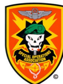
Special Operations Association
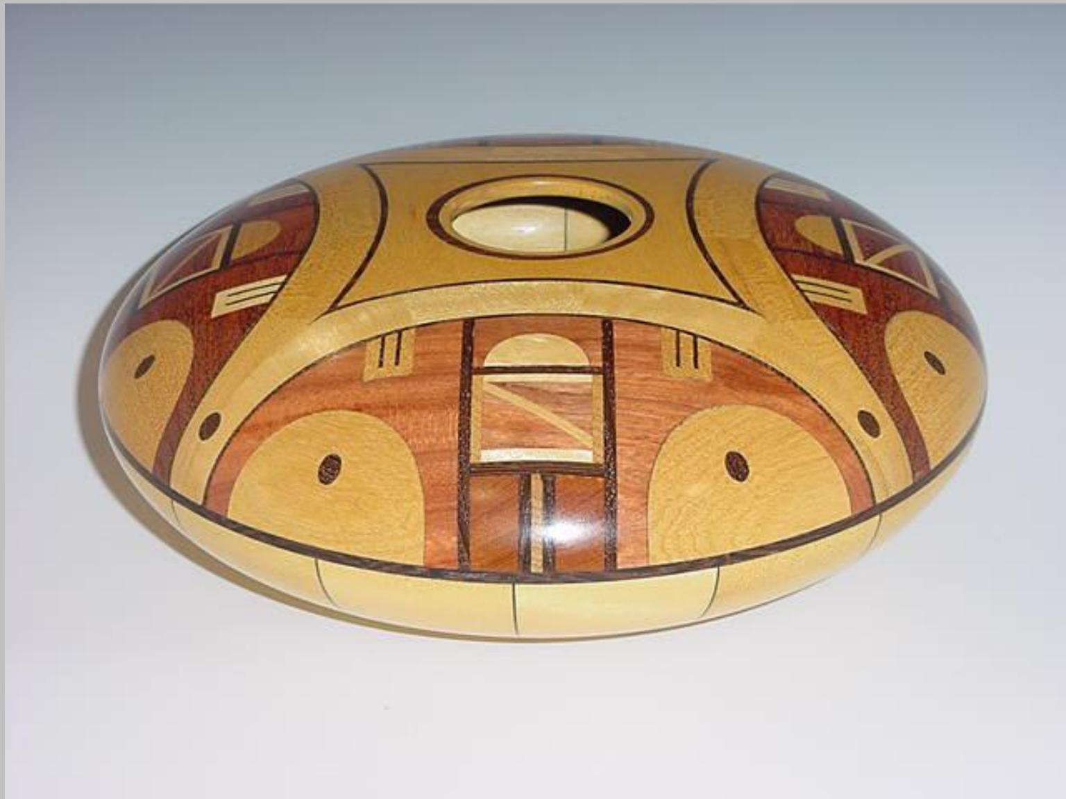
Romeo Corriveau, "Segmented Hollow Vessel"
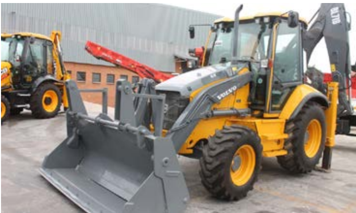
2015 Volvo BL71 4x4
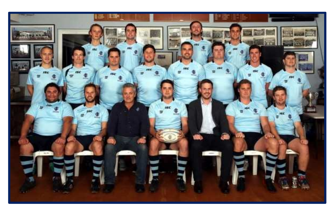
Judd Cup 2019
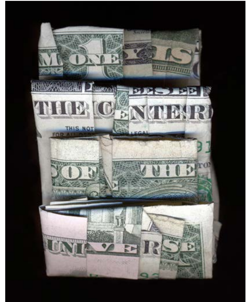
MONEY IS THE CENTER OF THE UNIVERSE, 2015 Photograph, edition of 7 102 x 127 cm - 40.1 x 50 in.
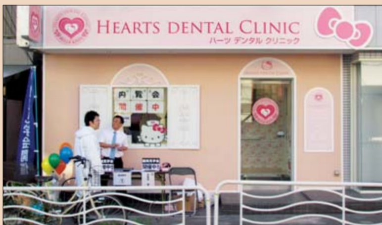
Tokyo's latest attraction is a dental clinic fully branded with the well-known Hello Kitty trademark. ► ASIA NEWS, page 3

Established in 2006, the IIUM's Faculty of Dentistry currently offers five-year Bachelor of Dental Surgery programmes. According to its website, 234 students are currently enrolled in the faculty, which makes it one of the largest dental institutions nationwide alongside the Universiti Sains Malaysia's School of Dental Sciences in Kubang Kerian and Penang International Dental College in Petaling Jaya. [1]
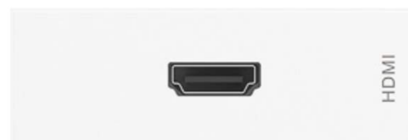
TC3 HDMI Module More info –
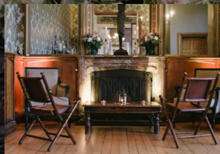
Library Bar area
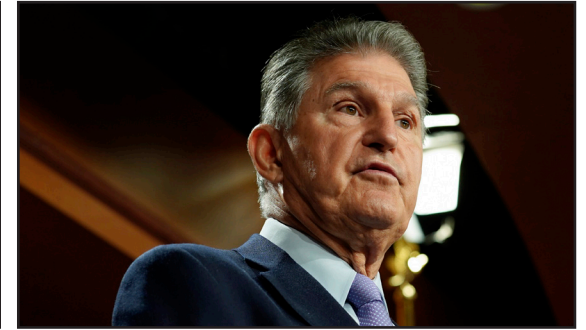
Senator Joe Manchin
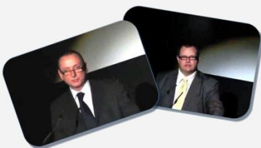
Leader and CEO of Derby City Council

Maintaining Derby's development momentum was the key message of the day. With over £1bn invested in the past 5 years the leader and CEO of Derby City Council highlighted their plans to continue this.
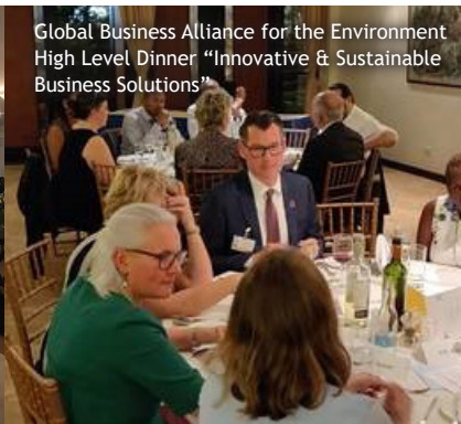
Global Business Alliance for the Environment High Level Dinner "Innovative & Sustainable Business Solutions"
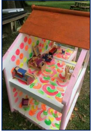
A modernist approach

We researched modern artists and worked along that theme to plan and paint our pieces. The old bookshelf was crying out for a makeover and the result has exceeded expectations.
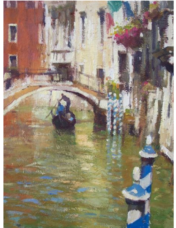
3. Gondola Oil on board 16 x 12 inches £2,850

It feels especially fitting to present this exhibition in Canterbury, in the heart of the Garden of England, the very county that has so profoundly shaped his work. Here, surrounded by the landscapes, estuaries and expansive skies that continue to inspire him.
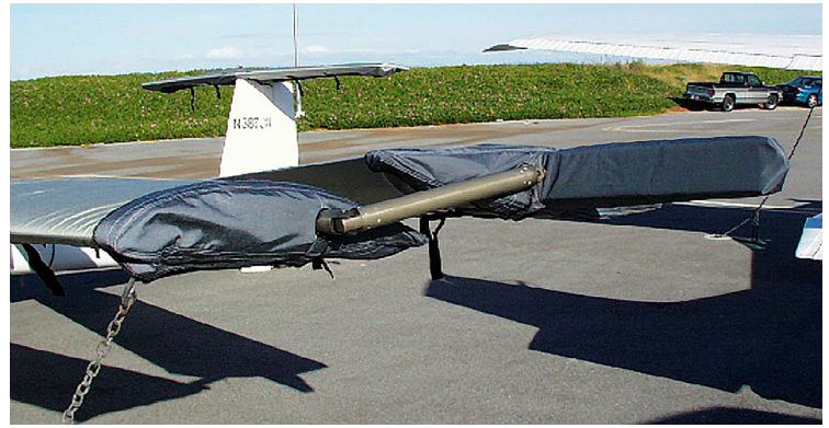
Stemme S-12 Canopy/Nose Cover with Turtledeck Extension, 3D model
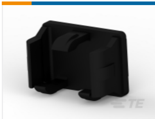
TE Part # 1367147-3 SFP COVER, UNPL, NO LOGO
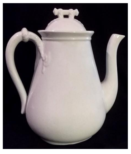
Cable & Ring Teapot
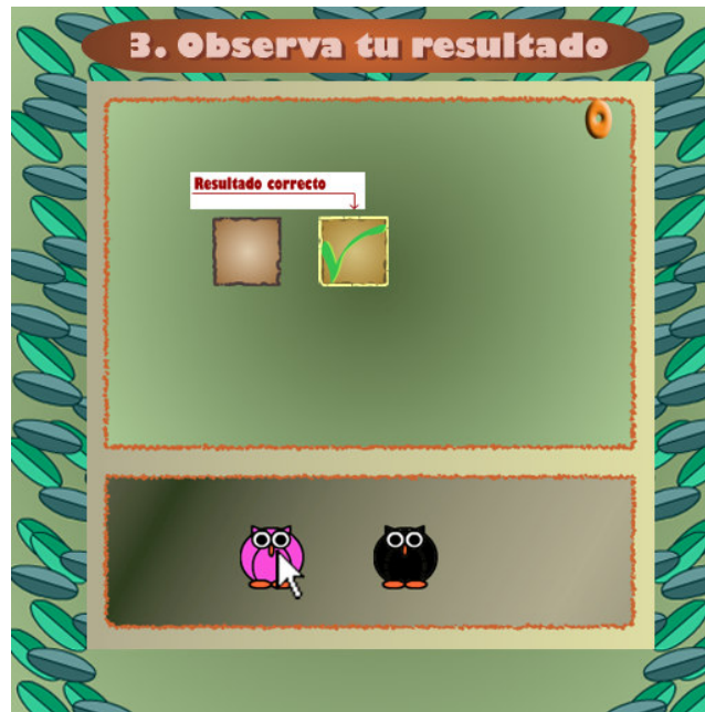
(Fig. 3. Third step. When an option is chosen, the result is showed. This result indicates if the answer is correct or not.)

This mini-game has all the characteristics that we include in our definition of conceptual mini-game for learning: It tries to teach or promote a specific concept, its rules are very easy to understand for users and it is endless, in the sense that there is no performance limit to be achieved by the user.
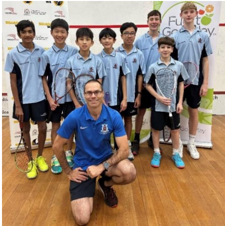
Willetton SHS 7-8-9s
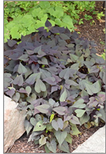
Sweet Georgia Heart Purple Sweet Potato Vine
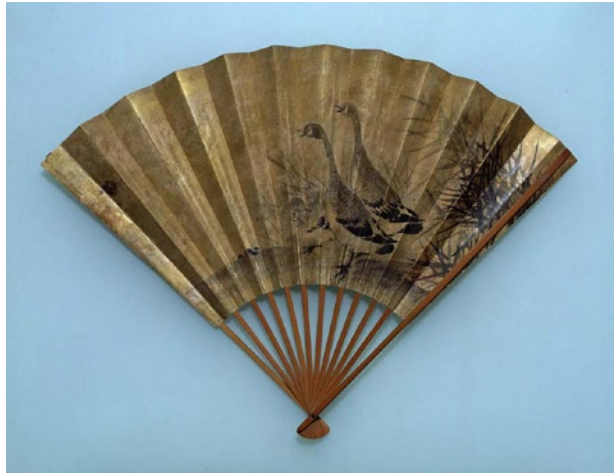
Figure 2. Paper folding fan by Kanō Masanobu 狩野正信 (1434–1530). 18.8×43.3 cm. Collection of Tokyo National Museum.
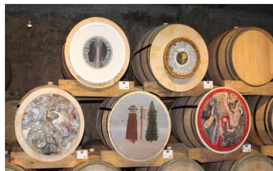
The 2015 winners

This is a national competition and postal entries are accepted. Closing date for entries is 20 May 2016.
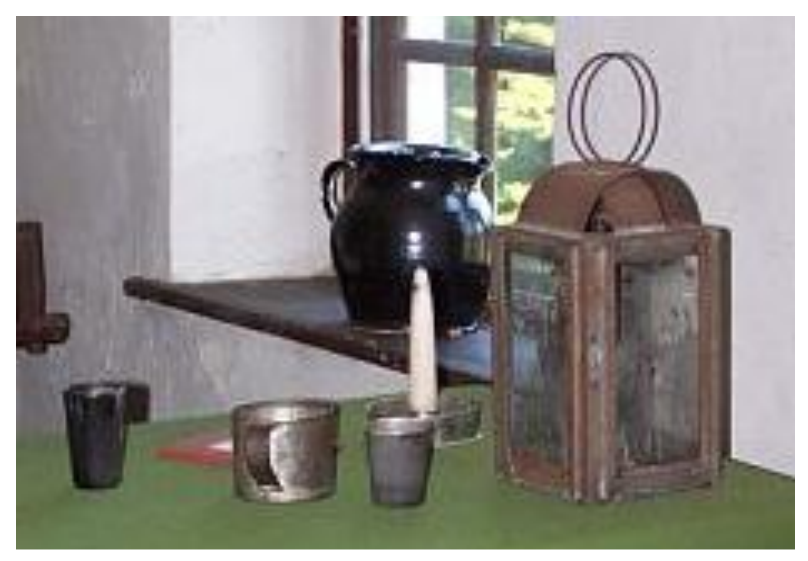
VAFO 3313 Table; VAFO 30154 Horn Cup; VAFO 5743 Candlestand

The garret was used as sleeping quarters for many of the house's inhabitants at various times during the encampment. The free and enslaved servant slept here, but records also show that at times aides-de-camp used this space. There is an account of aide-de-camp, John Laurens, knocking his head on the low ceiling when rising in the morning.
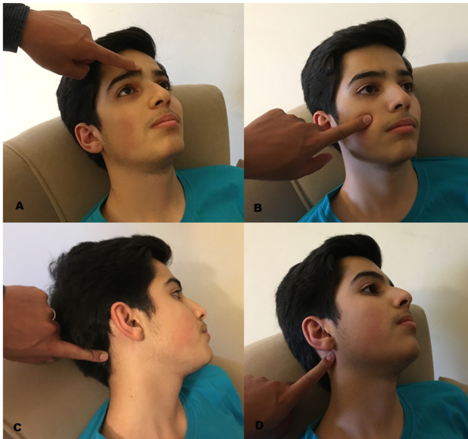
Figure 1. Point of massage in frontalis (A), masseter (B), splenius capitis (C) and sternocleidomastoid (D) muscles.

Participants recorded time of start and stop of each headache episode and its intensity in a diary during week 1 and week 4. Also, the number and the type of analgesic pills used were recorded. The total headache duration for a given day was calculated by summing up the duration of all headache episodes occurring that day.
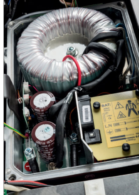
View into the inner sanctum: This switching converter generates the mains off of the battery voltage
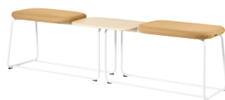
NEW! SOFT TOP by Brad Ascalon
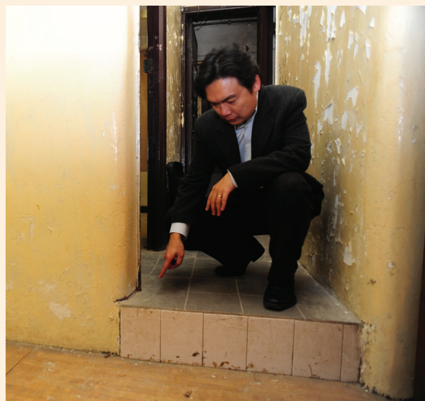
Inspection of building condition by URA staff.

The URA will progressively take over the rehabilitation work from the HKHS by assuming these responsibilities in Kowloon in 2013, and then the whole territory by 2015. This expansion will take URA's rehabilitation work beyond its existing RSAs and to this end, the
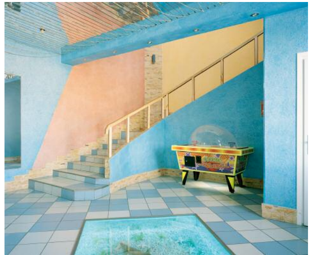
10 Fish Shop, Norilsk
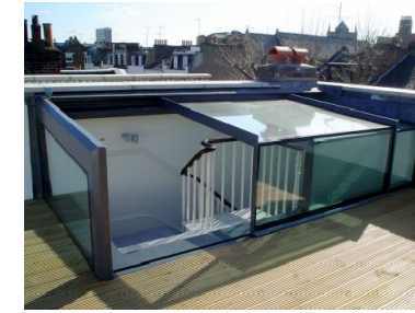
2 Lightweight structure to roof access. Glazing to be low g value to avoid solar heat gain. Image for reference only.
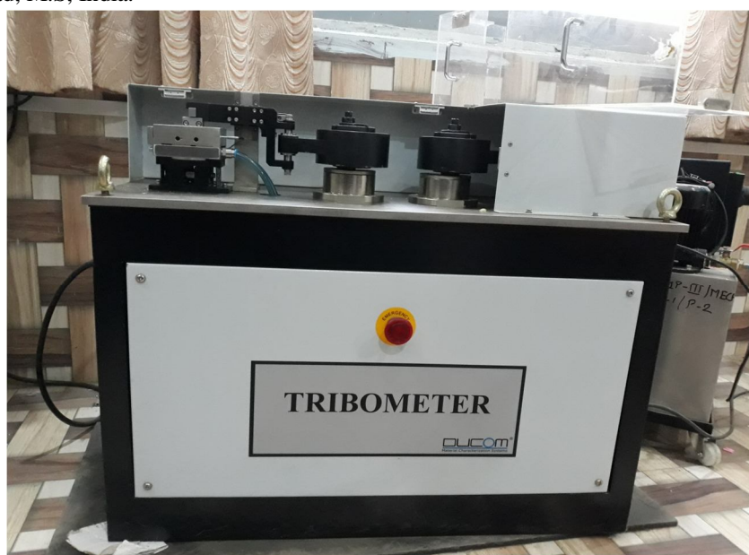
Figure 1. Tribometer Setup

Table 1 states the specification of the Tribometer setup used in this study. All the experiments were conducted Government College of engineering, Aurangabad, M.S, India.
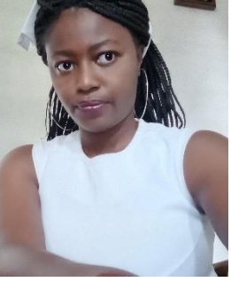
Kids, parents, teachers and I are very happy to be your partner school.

● What is required
Output exactly the lines from the one containing "Inspection of building" through the last line of the records above, both included, and leave out the pictures.

● Reply to the exercise
Inspection of building condition by URA staff.

The URA will progressively take over the rehabilitation work from the HKHS by assuming these responsibilities in Kowloon in 2013, and then the whole territory by 2015. This expansion will take URA's rehabilitation work beyond its existing RSAs and to this end, the
10 Fish Shop, Norilsk
2 Lightweight structure to roof access. Glazing to be low g value to avoid solar heat gain. Image for reference only.
Figure 1. Tribometer Setup

Table 1 states the specification of the Tribometer setup used in this study. All the experiments were conducted Government College of engineering, Aurangabad, M.S, India.
Kids, parents, teachers and I are very happy to be your partner school.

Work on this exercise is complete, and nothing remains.